Task item:
All pictures are to be dropped, and the remaining data set down exactly.

Dataset section:
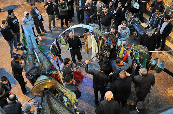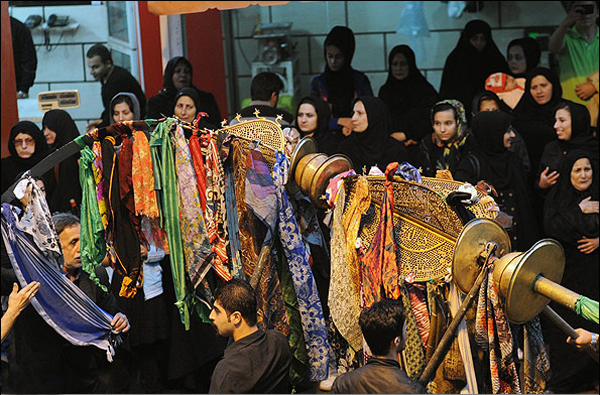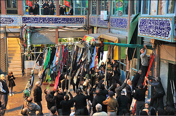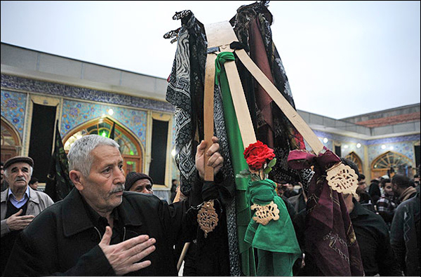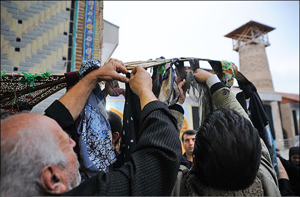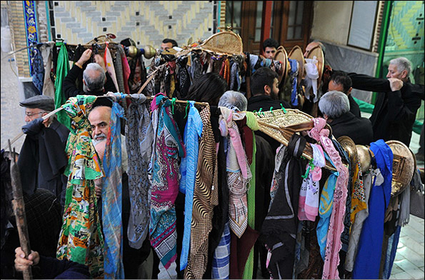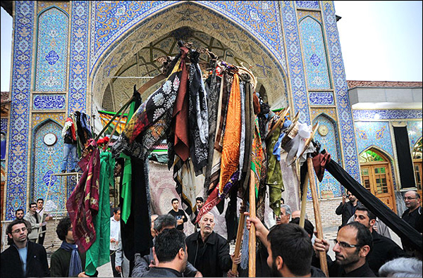علم های خود را طوق می بندند که این مراسم سنتی تحت عنوان طوق بندان یاد می شود .
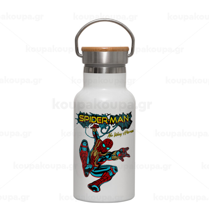 Spiderman no way home, Metallic thermos (Stainless steel) White with wooden lid (bamboo), double-walled, 350ml
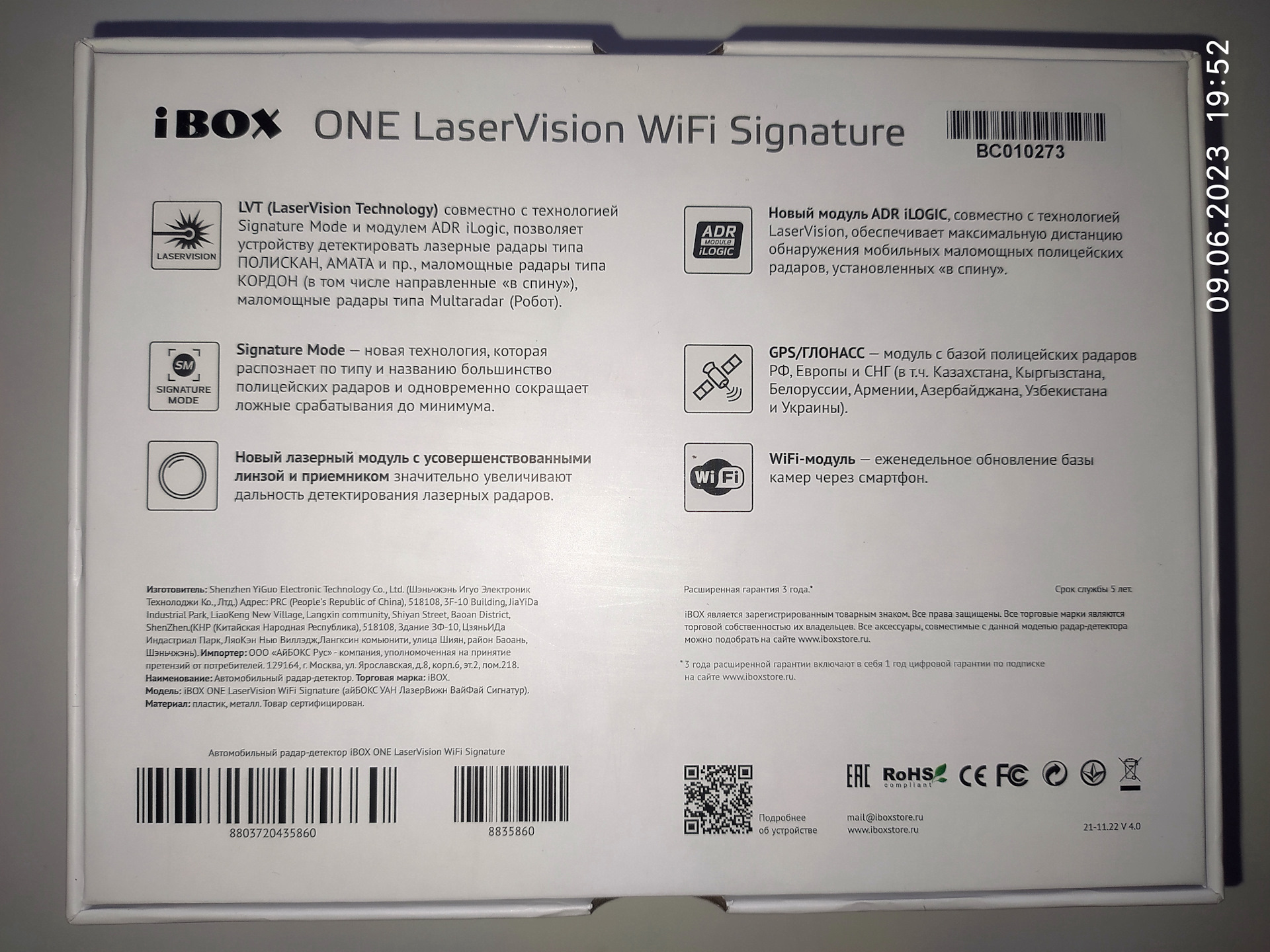 Свой выбор остановил на устройстве iBOX ONE LaserVision WiFi Signature приобретался на сайте производителя.
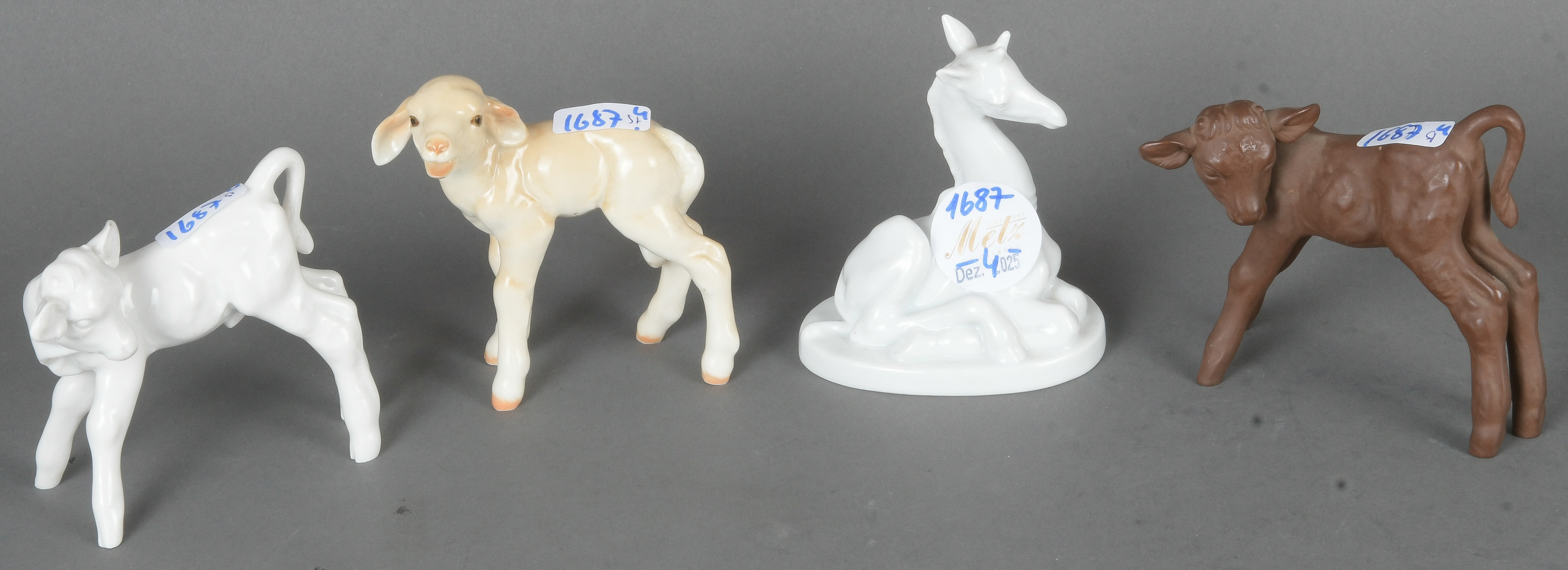 - Katalog-Nr: 1687Giraffe, Lamm und zwei Kälbchen, u.a. Meissen / Rosenthal 20. Jh. Porzellan, bunt bemalt / Böttgersteinzeug, am Boden gemarkt, u.a. Entwurf von Willi Münch-Khé, H=8 bis 9,5 cm.o.L.

Exercise result:
علم های خود را طوق می بندند که این مراسم سنتی تحت عنوان طوق بندان یاد می شود .
 Spiderman no way home, Metallic thermos (Stainless steel) White with wooden lid (bamboo), double-walled, 350ml
 Свой выбор остановил на устройстве iBOX ONE LaserVision WiFi Signature приобретался на сайте производителя.
 - Katalog-Nr: 1687Giraffe, Lamm und zwei Kälbchen, u.a. Meissen / Rosenthal 20. Jh. Porzellan, bunt bemalt / Böttgersteinzeug, am Boden gemarkt, u.a. Entwurf von Willi Münch-Khé, H=8 bis 9,5 cm.o.L.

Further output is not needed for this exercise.